Una seconda riunione si tenne la sera del 23 presso il comando del tenente Saalfrank a Carrara, ed fu presieduta da Reder, che ricevette nuovamente da Simon il comando dell’operazione. Dal comando del maggiore Walter Reder responsabile del 16° Battaglione Esplorante dipendevano diverse compagnie appartenenti alla “Reichsführer SS”, quale il reggimento corazzato, unità della Flak e del servizio logistico assieme ad altre unità delle SS e della 20° Divisione da Campo della Luftwaffe, oltre a un centinaio di brigatisti neri carraresi messi a disposizione dal colonnello Giulio Lodovici.

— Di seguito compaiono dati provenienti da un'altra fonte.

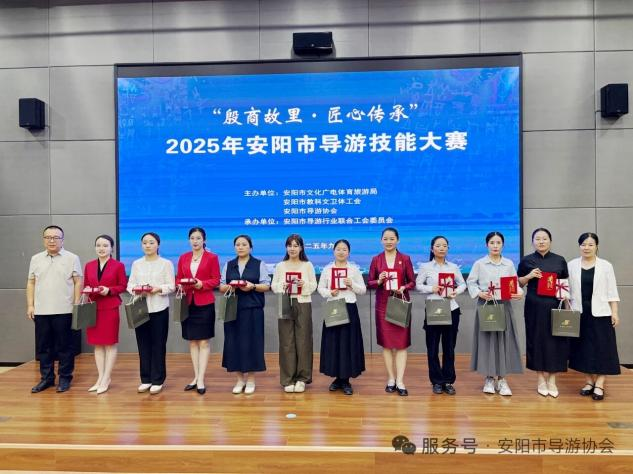 为提升学生的实践能力和专业素质,我院选拔14名学生参加了2025年安阳市“殷商故里·匠心传承”导游技能大赛,和来自安阳市各旅行社、景区、博物馆、高等院校及导游协会的优秀导游同场竞技,在比赛中学习提高,检验教学成果,探索旅游管理专业实践教学的新途径。
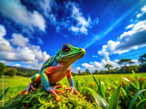 Colorful small creature standing in a vibrant green landscape with a bright blue sky backdrop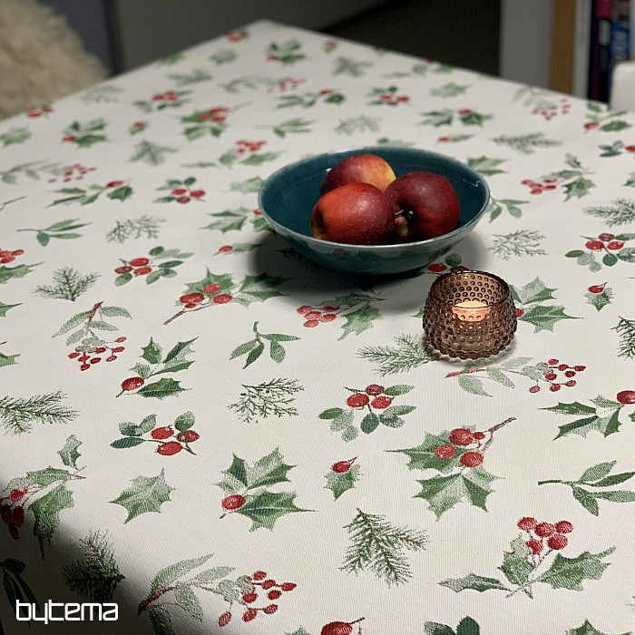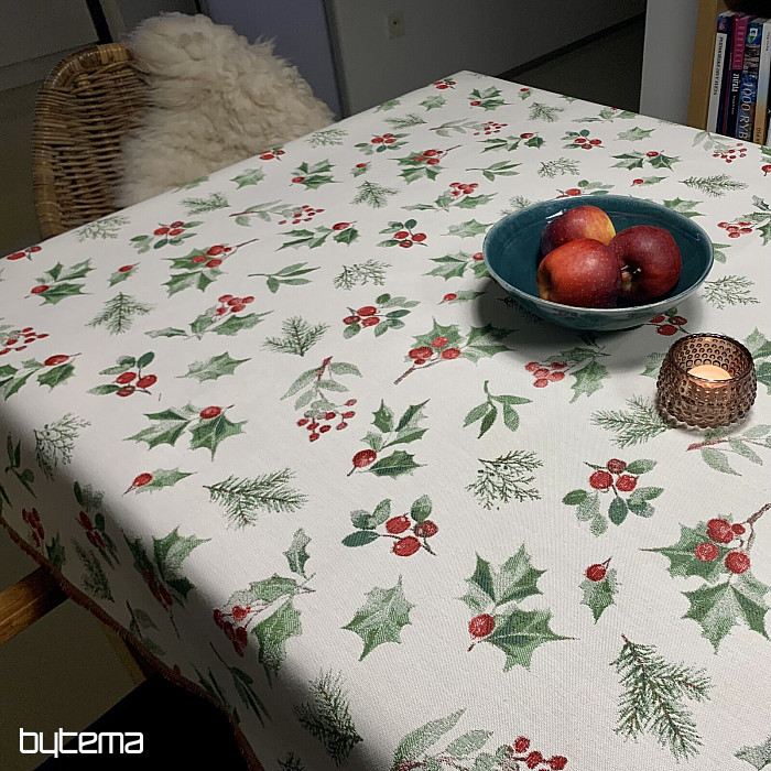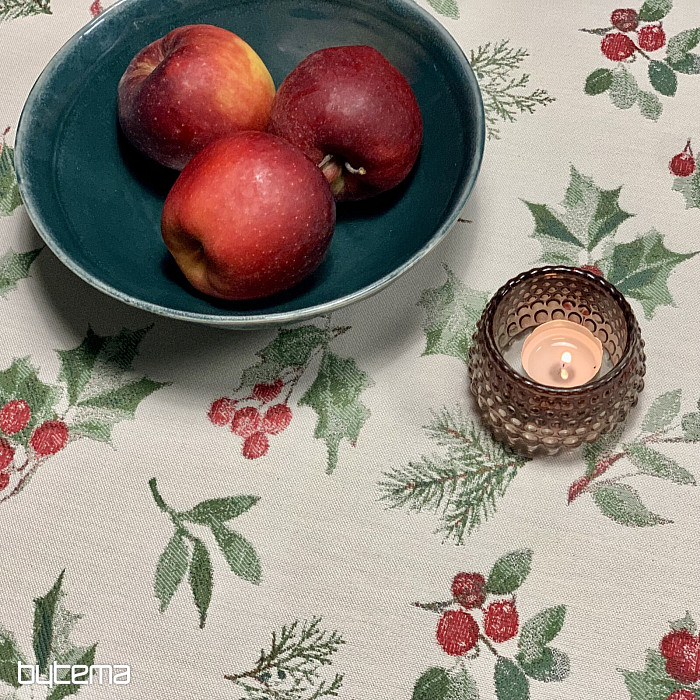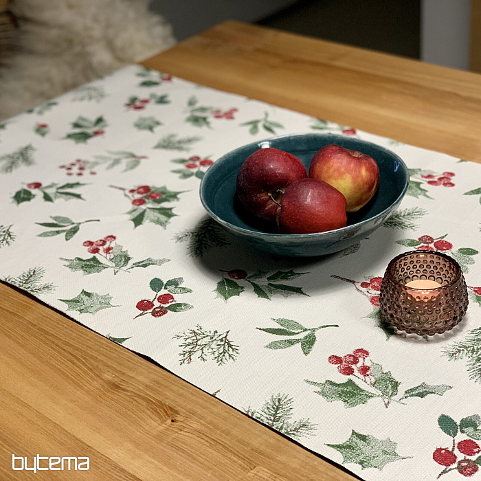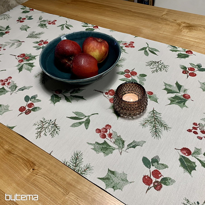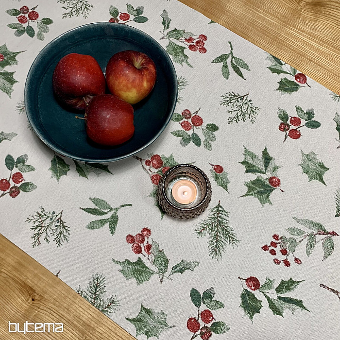 Świąteczny obrus lub szalik wykonany z luksusowej tkaniny z ostrokrzewem i czerwonymi jagodami, symbolem Bożego Narodzenia, sprawdzi się w każdym wnętrzu, szczególnie w chłodniejszej porze roku.

Il raid antipartigiano esordì la notte del 24 agosto per terminare soltanto tre giorni dopo. Ogni paese incontrato sul cammino dei tedeschi e delle Brigate Nere venne raso al suolo le abitazioni date alle fiamme le chiese demolite mentre coloro che non riuscirono a fuggire in tempo nei boschi vicini, anziani malati e infermi uomini e donne colti alla sprovvista dal rastrellamento, furono fucilati senza pietà.

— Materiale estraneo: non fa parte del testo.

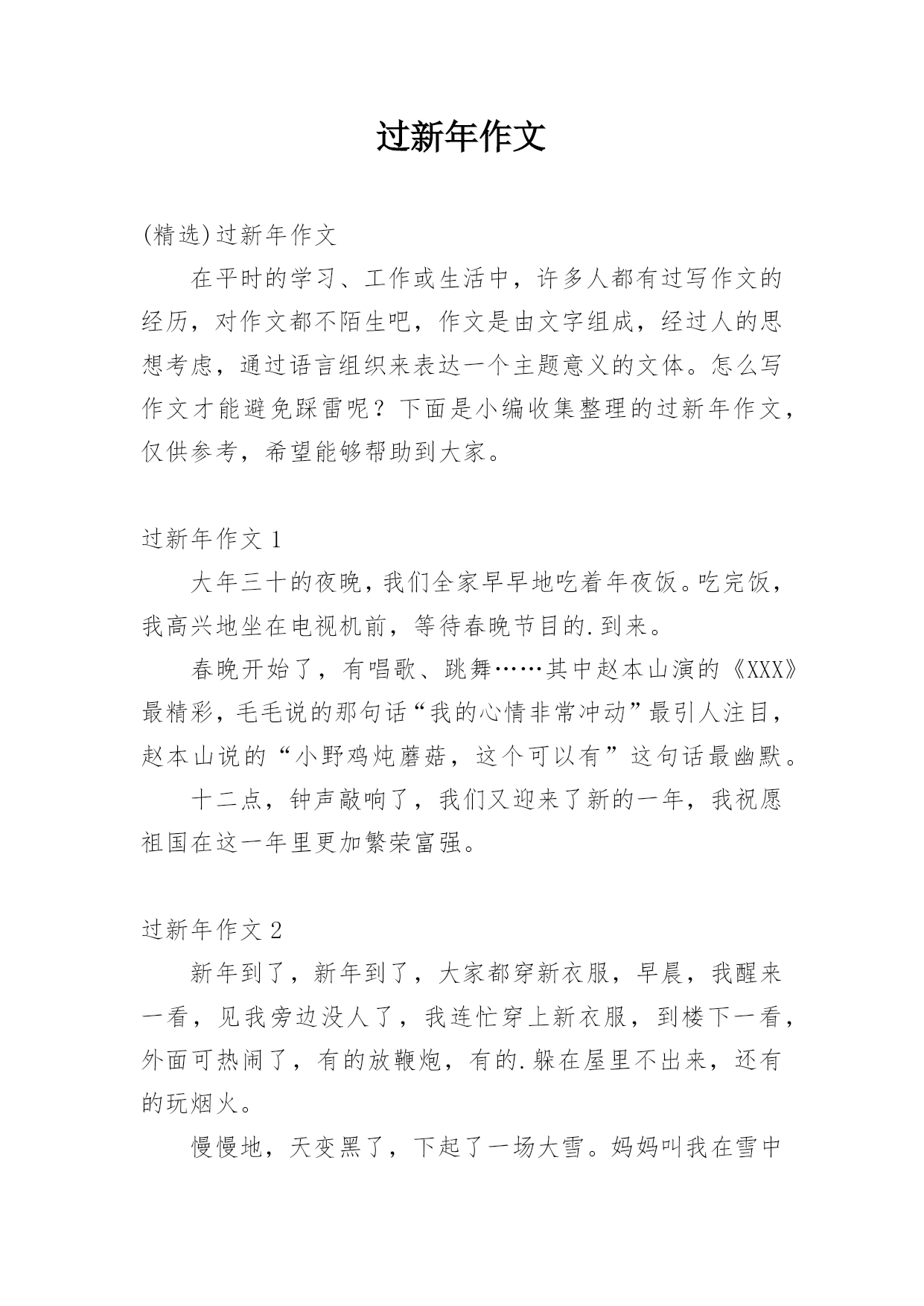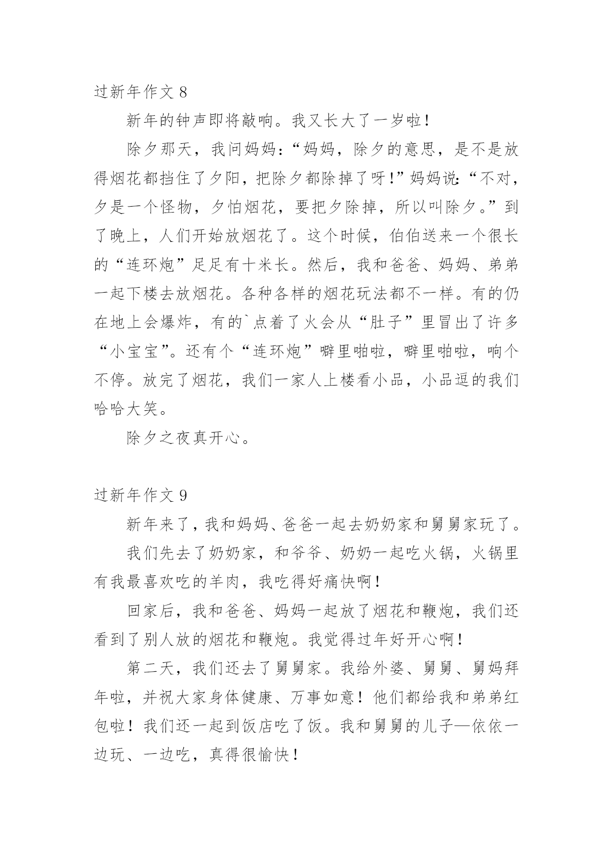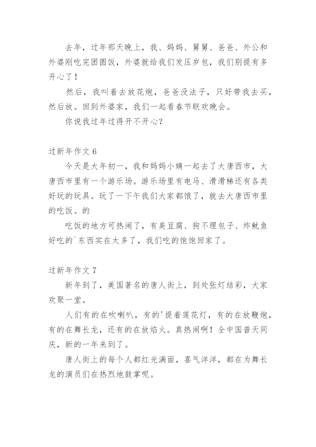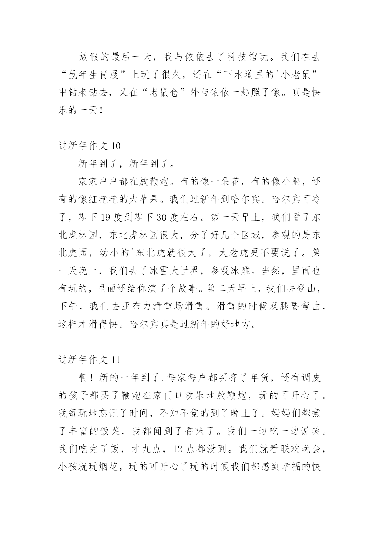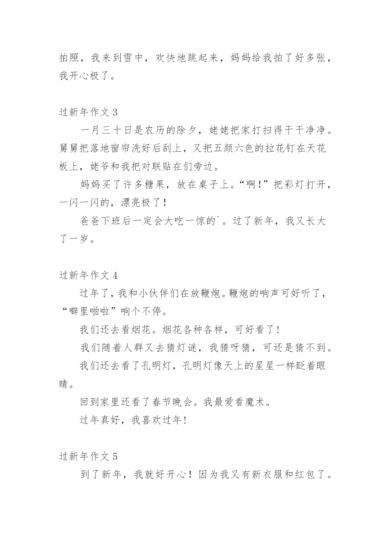 过新年作文 (精选)过新年作文在平时的学习、工作或生活中,许多人都有过写作文的经历,对作文都不陌生吧,作文是由文字组成,经过人的思想考虑,通过语言组织来表达一个主题意义的文体。怎么写作文才能避免踩雷呢?下面是小编收集整理的过新年作文,仅供参考,希望能够帮助到大家。过新年作文1大年三十的夜晚,我们全家早早地吃着年夜饭。吃完饭,我高兴地坐在电视机前,等待春晚节目的.到来。春晚开始了,有唱歌、跳舞……其中赵本山演的《XXX》最精彩,毛毛说的那句话“我的心情非常冲动”最引人注目,赵本山说的“小野鸡炖蘑菇,这个可以有”这句话最幽默。十二点,钟声敲响了,我们又迎来了新的一年,我祝愿祖国在这一年里更加繁荣富强。过新年作文2新年到了,新年到了,大家都穿新衣服,早晨,我醒来一看,见我旁边没人了,我连忙穿上新衣服,到楼下一看,外面可热闹了,有的放鞭炮,有的.躲在屋里不出来,还有的玩烟火。慢慢地,天变黑了,下起了一场大雪。妈妈叫我在雪中拍照,我来到雪中,欢快地跳起来,妈妈给我拍了好多张,我开心极了。过新年作文3一月三十日是农历的除夕,姥姥把家打扫得干干净净。舅舅把落地窗帘洗好后刮上,又把五颜六色的拉花钉在天花板上,姥爷和我把对联贴在们旁边。妈妈买了许多糖果,放在桌子上。“啊!”把彩灯打开,一闪一闪的,漂亮极了!爸爸下班后一定会大吃一惊的`。过了新年,我又长大了一岁。过新年作文4过年了,我和小伙伴们在放鞭炮。鞭炮的响声可好听了,“噼里啪啦”响个不停。我们还去看烟花。烟花各种各样,可好看了!我们随着人群又去猜灯谜,我猜呀猜,可还是猜不到。我们还去看了孔明灯,孔明灯像天上的星星一样眨着眼睛。回到家里还看了春节晚会。我最爱看魔术。过年真好,我喜欢过年!过新年作文5到了新年,我就好开心!因为我又有新衣服和红包了。去年,过年那天晚上,我、妈妈、舅舅、爸爸、外公和外婆刚吃完团圆饭,外婆就给我们发压岁包,我们别提有多开心了!然后,我叫着去放花炮,爸爸没法子,只好带我去买,然后放。回到外婆家,我们一起看春节联欢晚会。你说我过年过得开不开心?过新年作文6今天是大年初一,我和妈妈小姨一起去了大唐西市,大唐西市里有一个游乐场。游乐场里有电马、滑滑梯还有各类好玩的玩具。玩了一下午我们大家都饿了,就去大唐西市里的吃饭。的吃饭的地方可热闹了,有臭豆腐、狗不理包子、炸鱿鱼好吃的`东西实在太多了,我们吃的饱饱回家了。过新年作文7新年到了,美国著名的唐人街上,到处张灯结彩,大家欢聚一堂。人们有的在吹喇叭,有的'提着莲花灯,有的在放鞭炮,有的在舞长龙,还有的在放焰火。真热闹啊!全中国普天同庆,新的一年来到了。唐人街上的每个人都红光满面,喜气洋洋,都在为舞长龙的演员们在热烈地鼓掌呢。过新年作文8新年的钟声即将敲响。我又长大了一岁啦!除夕那天,我问妈妈:“妈妈,除夕的意思,是不是放得烟花都挡住了夕阳,把除夕都除掉了呀!”妈妈说:“不对,夕是一个怪物,夕怕烟花,要把夕除掉,所以叫除夕。”到了晚上,人们开始放烟花了。这个时候,伯伯送来一个很长的“连环炮”足足有十米长。然后,我和爸爸、妈妈、弟弟一起下楼去放烟花。各种各样的烟花玩法都不一样。有的仍在地上会爆炸,有的`点着了火会从“肚子”里冒出了许多“小宝宝”。还有个“连环炮”噼里啪啦,噼里啪啦,响个不停。放完了烟花,我们一家人上楼看小品,小品逗的我们哈哈大笑。除夕之夜真开心。过新年作文9新年来了,我和妈妈、爸爸一起去奶奶家和舅舅家玩了。我们先去了奶奶家,和爷爷、奶奶一起吃火锅,火锅里有我最喜欢吃的羊肉,我吃得好痛快啊!回家后,我和爸爸、妈妈一起放了烟花和鞭炮,我们还看到了别人放的烟花和鞭炮。我觉得过年好开心啊!第二天,我们还去了舅舅家。我给外婆、舅舅、舅妈拜年啦,并祝大家身体健康、万事如意!他们都给我和弟弟红包啦!我们还一起到饭店吃了饭。我和舅舅的儿子—依依一边玩、一边吃,真得很愉快!放假的最后一天,我与依依去了科技馆玩。我们在去“鼠年生肖展”上玩了很久,还在“下水道里的'小老鼠”中钻来钻去,又在“老鼠仓”外与依依一起照了像。真是快乐的一天!过新年作文10新年到了,新年到了。家家户户都在放鞭炮。有的像一朵花,有的像小船,还有的像红艳艳的大苹果。我们过新年到哈尔宾。哈尔宾可冷了,零下19度到零下30度左右。第一天早上,我们看了东北虎林园,东北虎林园很大,分了好几个区域,参观的是东北虎园,幼小的'东北虎就很大了,大老虎更不要说了。第一天晚上,我们去了冰雪大世界,参观冰雕。当然,里面也有玩的,里面还给你演了个故事。第二天早上,我们去登山,下午,我们去亚布力滑雪场滑雪。滑雪的时候双腿要弯曲,这样才滑得快。哈尔宾真是过新年的好地方。过新年作文11啊!新的一年到了.每家每户都买齐了年货,还有调皮的孩子都买了鞭炮在家门口欢乐地放鞭炮,玩的可开心了。我每玩地忘

I centri maggiormente investiti dal rastrellamento furono quelli di Gragnola, Monzone Alto, Equi Terme, Corsano, Lorano, Tenerano, Gallogna, Campiglione, Viano, Vezzanello, Cecina, Terma, Posterla, Colla.

Nella frazione di Gragnola, punto nodale della manovra di accerchiamento operata dalle truppe, avvenne la prima strage: nove uomini vennero fucilati nei pressi del paese, a seguito di un breve scontro, senza perdite, tra partigiani e nazifascisti. Il massacro toccò il proprio apice a Vinca: punto di convergenza di più direttrici di attacco il paese fu raggiunto una prima volta nel pomeriggio del 24 agosto dalla 1° Compagnia del 16° Battaglione Esplorante guidata dal tenente Segebrecht. Occupato il centro il giorno successivo lo stesso Reder rinforzato dalla 2°e 3° compagnia e da un

plotone di brigatisti neri si dedicò all’annientamento definitivo di ogni forma di vita esistente nella vallata. I suoi reparti setacciano scrupolosamente la valle di Vinca stanarono i residenti nascosti nelle grotte e nei boschi ed eliminarono con lanciafiamme mitragliatrici e granate decine e decine di persone.